*** Record set

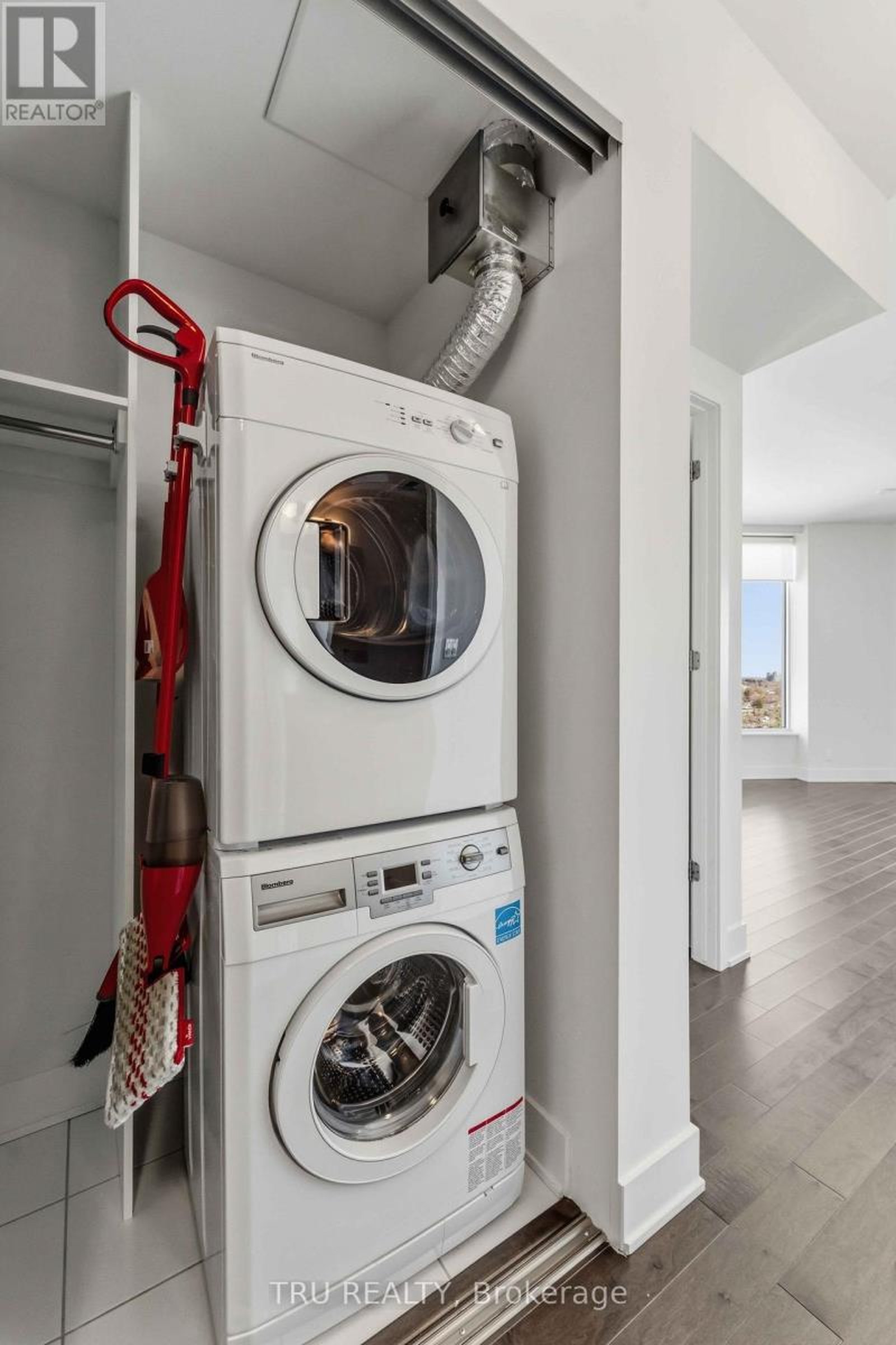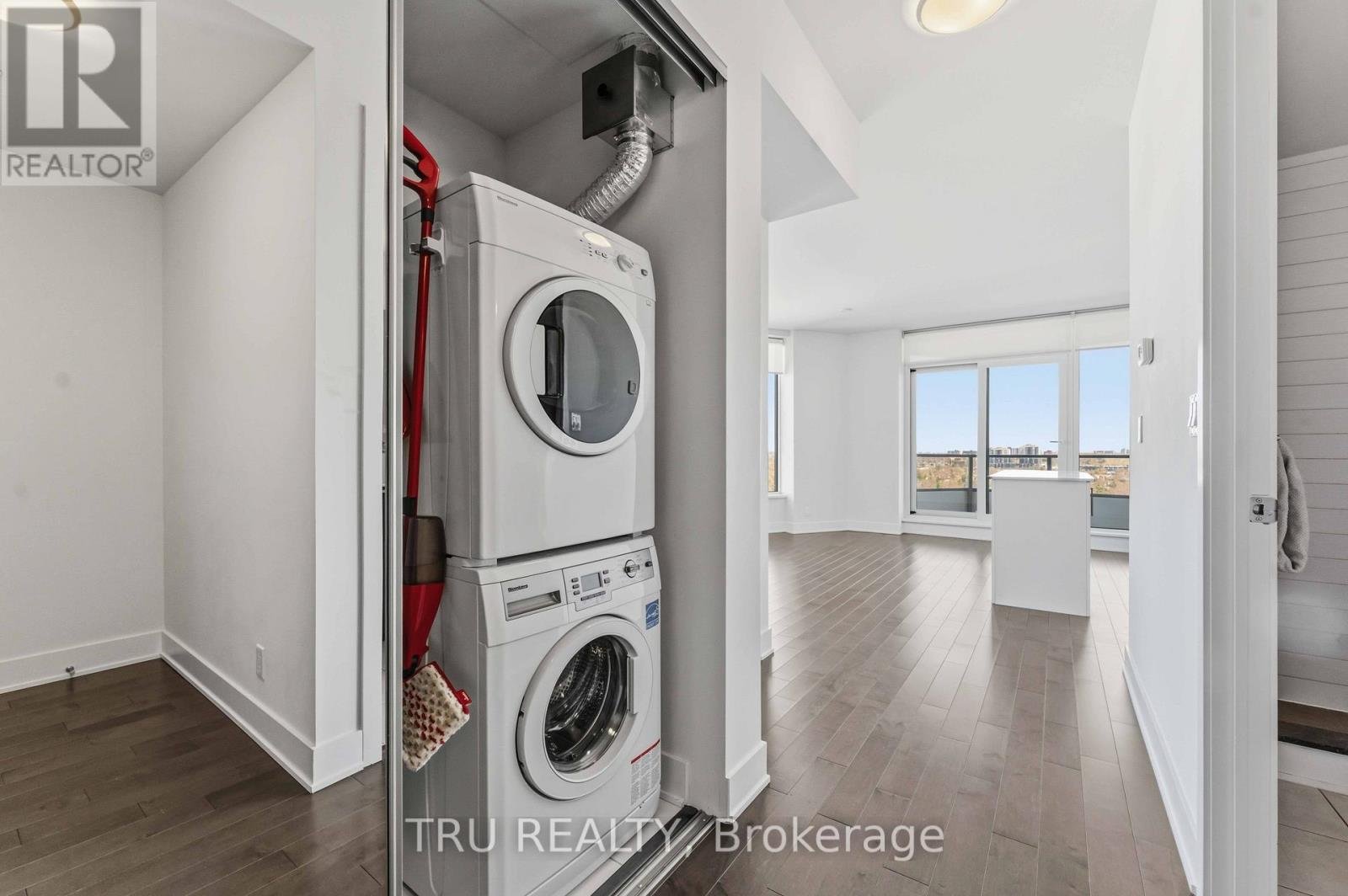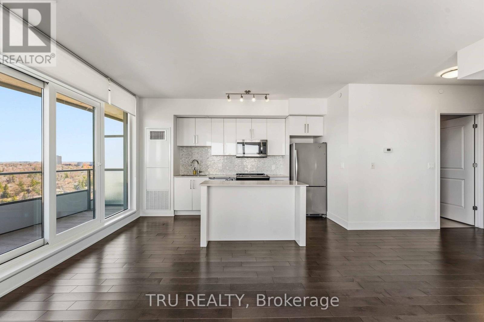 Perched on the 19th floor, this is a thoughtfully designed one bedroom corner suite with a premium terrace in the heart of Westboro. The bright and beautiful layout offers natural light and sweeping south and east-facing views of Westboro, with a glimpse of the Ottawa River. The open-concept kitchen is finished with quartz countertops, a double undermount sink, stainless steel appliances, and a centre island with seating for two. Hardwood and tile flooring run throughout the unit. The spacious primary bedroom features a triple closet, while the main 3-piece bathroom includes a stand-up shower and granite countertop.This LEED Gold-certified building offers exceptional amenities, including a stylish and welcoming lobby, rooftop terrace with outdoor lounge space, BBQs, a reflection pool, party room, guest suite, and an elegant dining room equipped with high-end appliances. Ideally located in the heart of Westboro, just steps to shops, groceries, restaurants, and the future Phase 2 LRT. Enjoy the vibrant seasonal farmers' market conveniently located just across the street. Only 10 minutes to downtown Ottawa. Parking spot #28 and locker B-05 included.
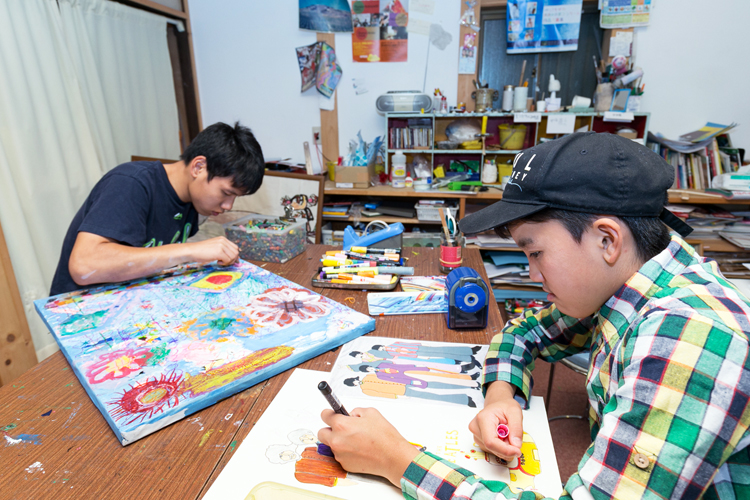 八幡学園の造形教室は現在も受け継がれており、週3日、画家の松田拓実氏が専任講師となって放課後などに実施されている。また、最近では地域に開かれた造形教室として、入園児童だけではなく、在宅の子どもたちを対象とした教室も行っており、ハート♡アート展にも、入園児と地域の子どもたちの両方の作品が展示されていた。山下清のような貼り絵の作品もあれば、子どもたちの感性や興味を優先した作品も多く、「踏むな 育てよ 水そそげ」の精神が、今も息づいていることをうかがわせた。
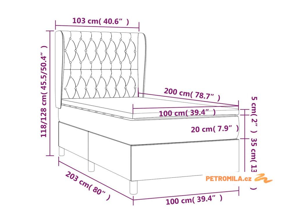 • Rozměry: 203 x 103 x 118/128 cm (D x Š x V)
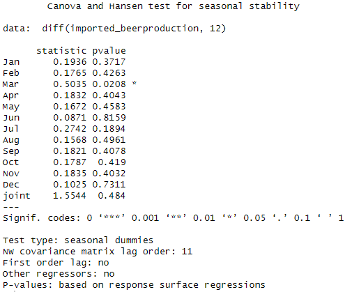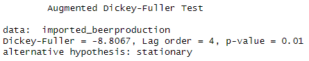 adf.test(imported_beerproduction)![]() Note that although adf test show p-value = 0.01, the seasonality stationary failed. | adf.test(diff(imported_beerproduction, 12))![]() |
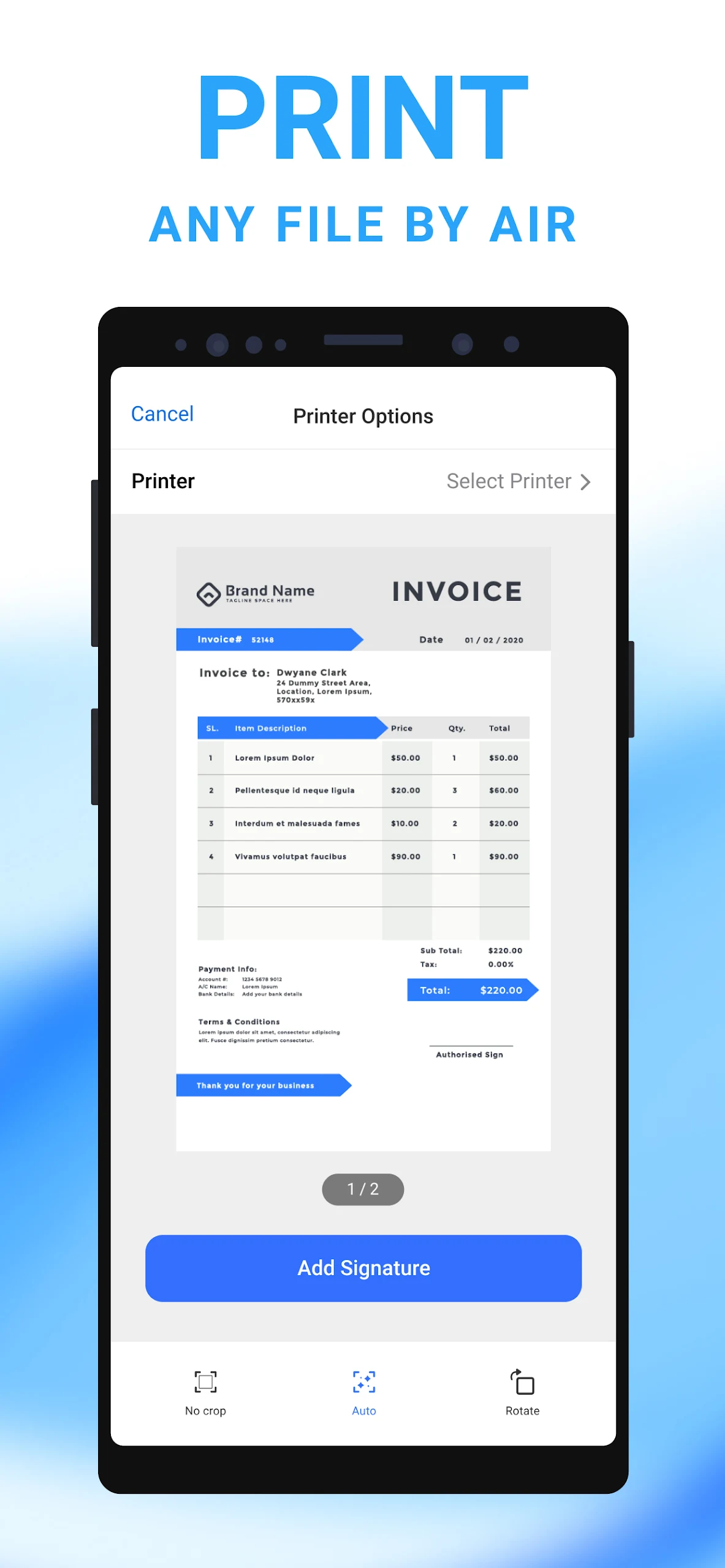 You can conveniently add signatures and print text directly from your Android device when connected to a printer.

******

**Exercise objective**
Nothing in the entries above should change when they are printed again, except that the pictures are dropped.

**Exercise result**
 Perched on the 19th floor, this is a thoughtfully designed one bedroom corner suite with a premium terrace in the heart of Westboro. The bright and beautiful layout offers natural light and sweeping south and east-facing views of Westboro, with a glimpse of the Ottawa River. The open-concept kitchen is finished with quartz countertops, a double undermount sink, stainless steel appliances, and a centre island with seating for two. Hardwood and tile flooring run throughout the unit. The spacious primary bedroom features a triple closet, while the main 3-piece bathroom includes a stand-up shower and granite countertop.This LEED Gold-certified building offers exceptional amenities, including a stylish and welcoming lobby, rooftop terrace with outdoor lounge space, BBQs, a reflection pool, party room, guest suite, and an elegant dining room equipped with high-end appliances. Ideally located in the heart of Westboro, just steps to shops, groceries, restaurants, and the future Phase 2 LRT. Enjoy the vibrant seasonal farmers' market conveniently located just across the street. Only 10 minutes to downtown Ottawa. Parking spot #28 and locker B-05 included.
 八幡学園の造形教室は現在も受け継がれており、週3日、画家の松田拓実氏が専任講師となって放課後などに実施されている。また、最近では地域に開かれた造形教室として、入園児童だけではなく、在宅の子どもたちを対象とした教室も行っており、ハート♡アート展にも、入園児と地域の子どもたちの両方の作品が展示されていた。山下清のような貼り絵の作品もあれば、子どもたちの感性や興味を優先した作品も多く、「踏むな 育てよ 水そそげ」の精神が、今も息づいていることをうかがわせた。
 • Rozměry: 203 x 103 x 118/128 cm (D x Š x V)
 adf.test(imported_beerproduction)![]() Note that although adf test show p-value = 0.01, the seasonality stationary failed. | adf.test(diff(imported_beerproduction, 12))![]() |
 You can conveniently add signatures and print text directly from your Android device when connected to a printer.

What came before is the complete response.